President Obama's health care plan creates a new marriage penalty that discriminates against families and many workers with employer-sponsored insurance. The law will also remove as many as 8.1 million filers off the tax rolls. After receiving the President's new refundable tax credit, some 11.3 million people will have negative income tax liability and will no longer pay the cost of government by contributing federal income taxes. Those conclusions are contained in a new report released today by the House Oversight Committee to coincide with a subcommittee hearing on the same topic.
The Oversight Committee report is based on staff analysis of data provided to Chairman Darrell Issa by the Joint Committee on Taxation (JCT). Combined with data from the Congressional Budget Office (CBO), the report concludes that married couples will receive only 14 percent of the tax credits authorized by the Patient Protection and Affordable Care Act (PPACA). At most, two million married couples (out of nearly 60 million married couples nationwide) are projected to benefit from the health insurance tax credit in any year through 2021. Nearly half of the beneficiaries of the tax credit will be single individuals without any dependent children while most of the other beneficiaries will be single parents.
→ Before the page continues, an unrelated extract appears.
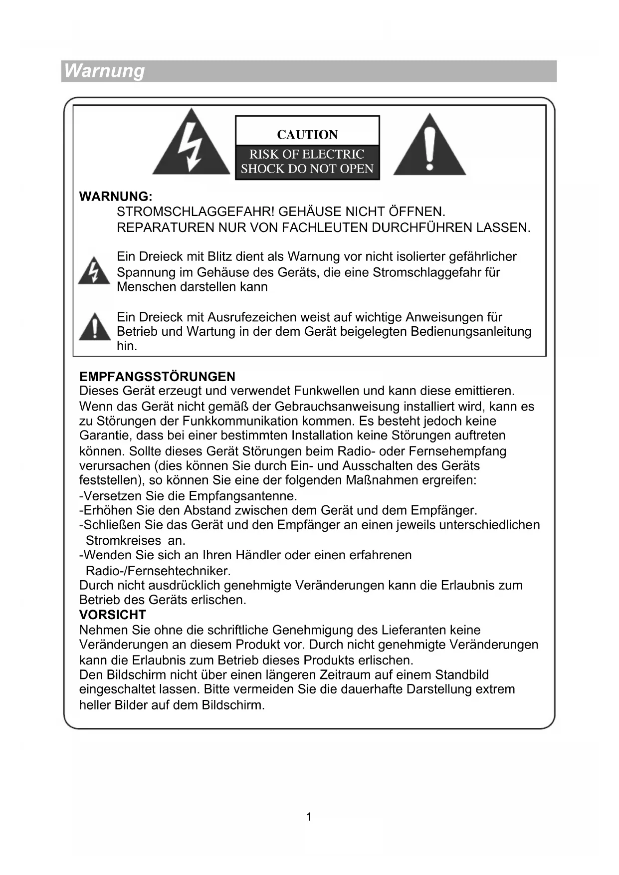STROMSCHLAGGGEFAHR! GEHÄUSE NICT TÖFFNEN.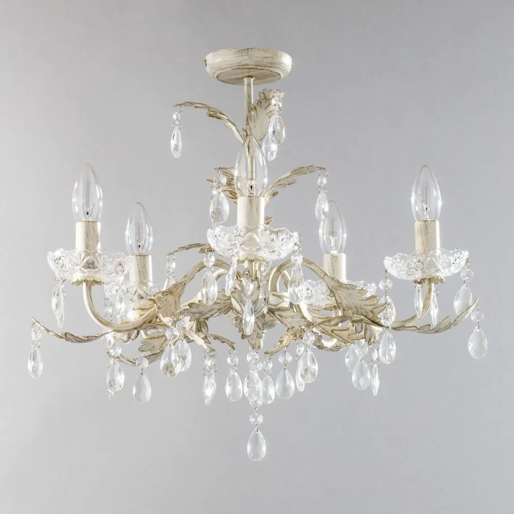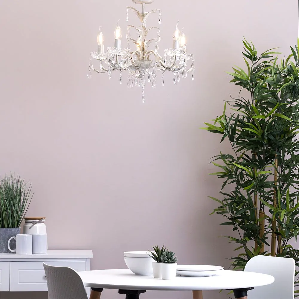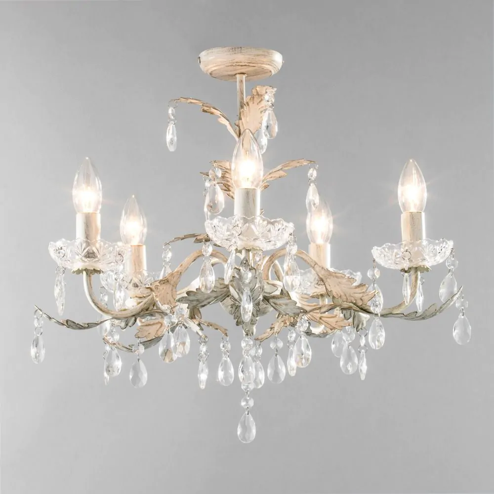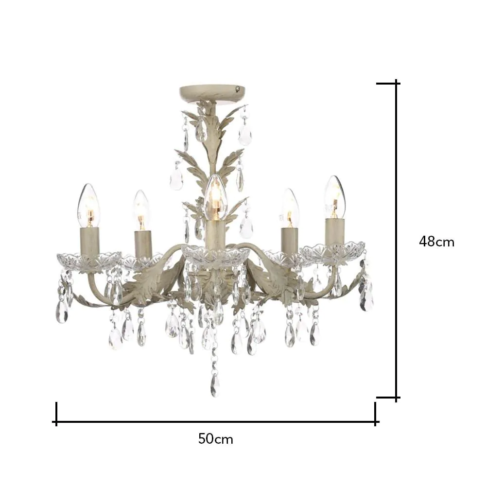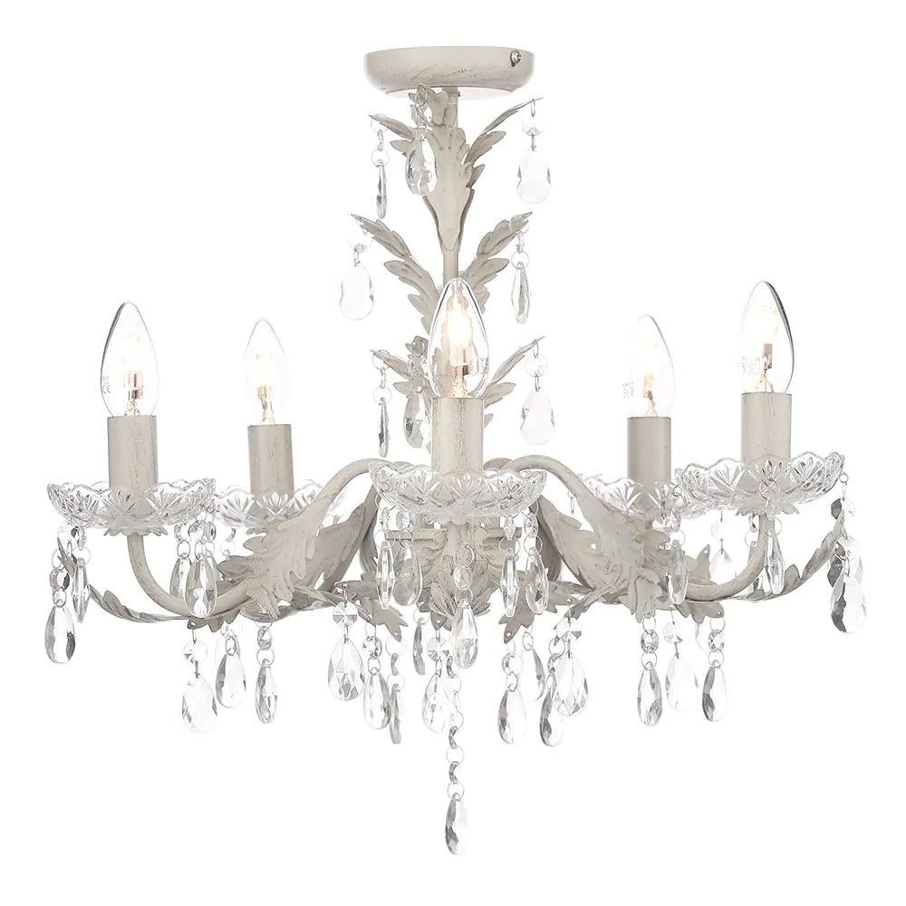The Paisley Flush Chandelier provides a beautiful, glamorous look to your home, creating a statement among any interior style. The 5 light configuration features a beautiful feathery design that holds 5 candle-like lighting features, giving off optimal light and a decorative look in any room. Cascading in crystal effect droplets, the light shimmers, and shines through your room, making it a perfect centrepiece in any living room or dining room.

The report also points out that 85 percent of filers who claim the tax credit will end the year with zero or negative income tax liability, and because the credit is refundable, nearly all 11.3 million of these filers will have negative income tax liability. JCT estimates that in 2020, 14 million tax filers will claim the credit but only about two million of these households will have positive income tax liability after benefitting from the credit.
"Under President Obama's health care plan, the tax code will continue to treat otherwise identical individuals very differently--solely based on the source of their health insurance. Many workers and employers will have a new incentives to drop employer-sponsored health insurance because of the sizeable tax credits created by this law. This means that some families will have a tax filing benefit for not receiving health insurance, which could lead to dramatic market disruptions and ultimately increase the federal deficits as these workers turn to Obamacare rather than traditional employer-sponsored plans," Chairman Issa said.
"This law is a textbook case in the law of unintended consequences. In their rush to fulfill President Obama's campaign rhetoric, they rushed a flawed bill through Congress. This report makes clear the cost to our deficit and the negative impact on married families from this law," Issa added.